*Raw data*
#####

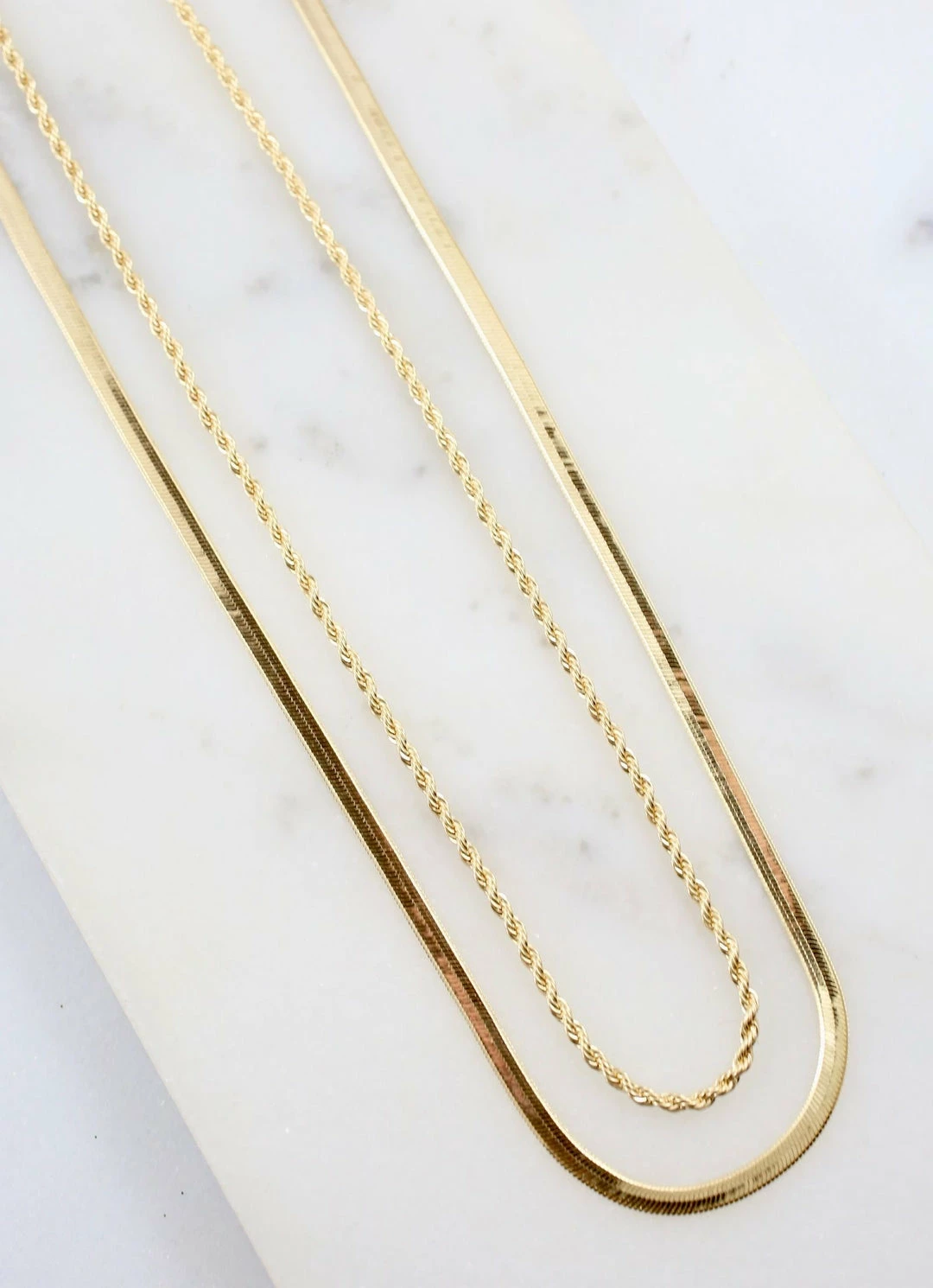 This double layered necklace is made of two different strands for an elegant look. There is as flat herringbone chain and a twisted link.
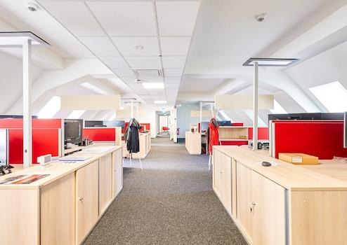 Zur Anmietung steht eine neu sanierte Bürofläche von ca. 878 m² im 1. Obergeschoss.
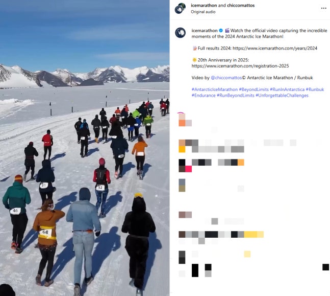 /사진=남극 얼음 마라톤 대회 SNS이후 남극에 체류 중인 멤버가 누구인지를 두고 "다니엘이 남극 마라톤 대회 참가를 위해 머물고 있다"라는 주장이 주목을 이끌고 있다. 이에 따르면 오는 12월 13일 남극에서 열리는 마라톤 대회에 다니엘이 참가하기 위해 머물고 있다는 것.

#####

Copy out every line of the material above precisely, omitting the pictures.

*Reply to the task*
 This double layered necklace is made of two different strands for an elegant look. There is as flat herringbone chain and a twisted link.
 Zur Anmietung steht eine neu sanierte Bürofläche von ca. 878 m² im 1. Obergeschoss.
 /사진=남극 얼음 마라톤 대회 SNS이후 남극에 체류 중인 멤버가 누구인지를 두고 "다니엘이 남극 마라톤 대회 참가를 위해 머물고 있다"라는 주장이 주목을 이끌고 있다. 이에 따르면 오는 12월 13일 남극에서 열리는 마라톤 대회에 다니엘이 참가하기 위해 머물고 있다는 것.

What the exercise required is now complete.